So now it’s become not only fashionable, but somehow worshipful to acknowledge and praise God for something His Word teaches He did not do.

(I would be interested, as well, to learn how the theory of evolution reveals the nature of a God “with whom there is no variation or shadow due to change,” as James 1:17 states.)

When Aaron made the golden calf that Israel worshipped while Moses was on Mount Sinai, the people claimed, “These are your gods, O Israel, who brought you up out of the land of Egypt!” Aaron continued by making an altar before the idol and proclaimed, “Tomorrow shall be a feast to Yahweh.” (Exodus 32:4-5)

The Israelites were not rejecting Yahweh with their idolatry. They were fashioning other gods to worship along with Him. They were not being strictly pagan. They were being syncretistic. They were *combining* pagan religion with worship of the one true God. Yahweh later told His people through Isaiah that, “I am the first and I am the last, and there is no God but Me.” (Isaiah 44:6)

God has told us a great many things about how He created our universe.
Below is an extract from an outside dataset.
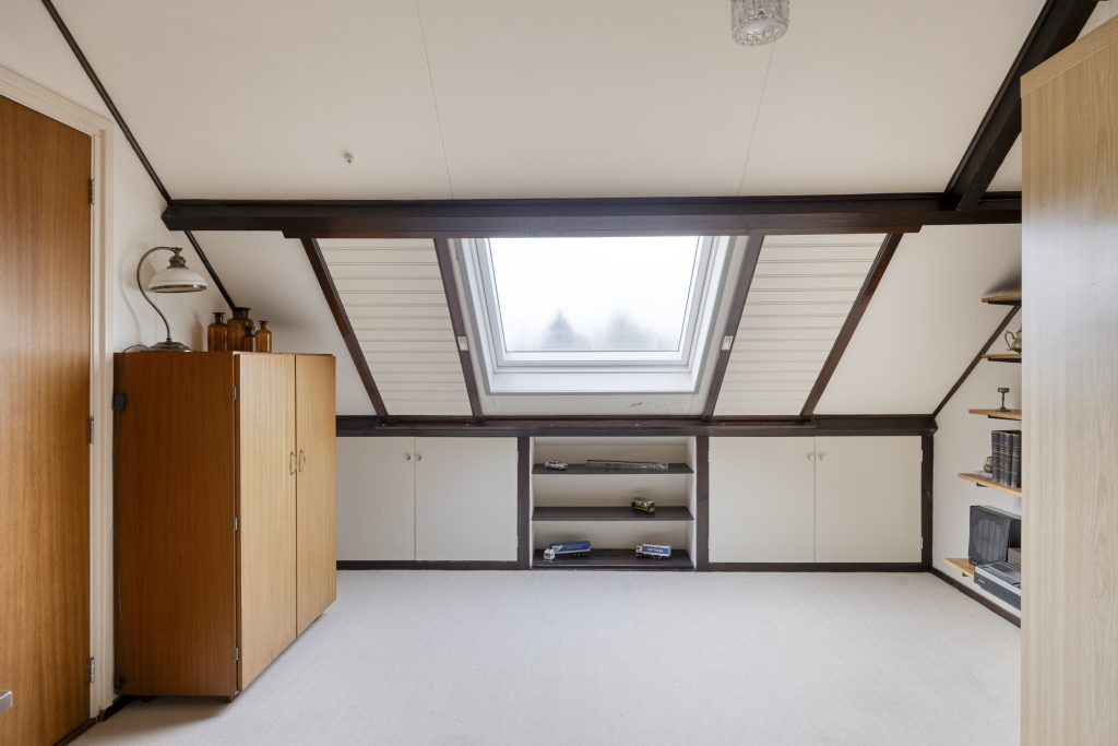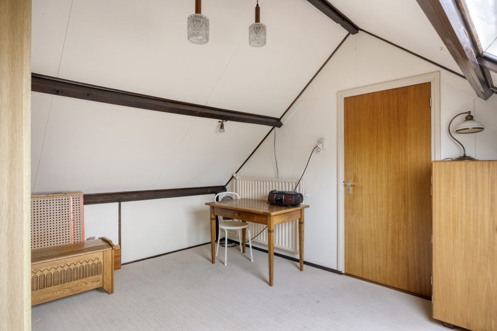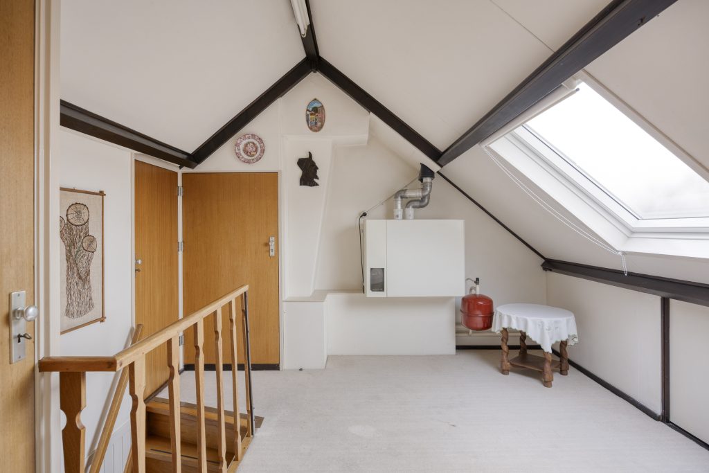 De tweede verdieping is een aangename verrassing. Op de voorzolder bevindt zich de opstelling van de cv-combiketel (merk Nefit, bouwjaar 2001) en dankzij de dakramen valt het licht rijkelijk naar binnen. De vierde slaapkamer is een fijne, rustige plek met knieschotten die zorgen voor extra bergruimte. Ideaal als logeerkamer, werkplek of hobbykamer.

Modern atheistic concepts of science reject these things, as well they should since they don’t even claim to believe in God or the Bible.
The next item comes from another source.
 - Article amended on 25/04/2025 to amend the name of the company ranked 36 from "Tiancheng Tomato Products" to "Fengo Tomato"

But for Christians to try and unite the two is dangerously naive, at best. Christ told us we cannot serve two masters. You cannot worship Yahweh and the golden calf. Claiming that the Bible is the Word of God but it also happens to be completely wrong about the things only God Himself was around to witness is probably a position Christians should reconsider. (Claiming it’s all a metaphor doesn’t really help, either, when you realize that holding such a position requires Christ Himself to have knowingly propagated a myth as if it were actually true.)

“We agree with the Bible about Christ and salvation but disagree with it when it talks about how life came into being and how old everything is,” seems an awful lot like modern day syncretism. Do we truly want to consider science, which is admittedly incomplete, revisionist, and operating completely under the constraints of flawed human understanding and capability, on an equal level with the revelation of God Himself? (The entire history of science is one of wrongness, self-correction, more wrongness, more self-correction again, and so on.)

Jesus said, “If I have told you earthly things, and you do not believe, how will you believe if I tell you of heavenly things?” in John 3:12.

We would all do well to seriously consider His question.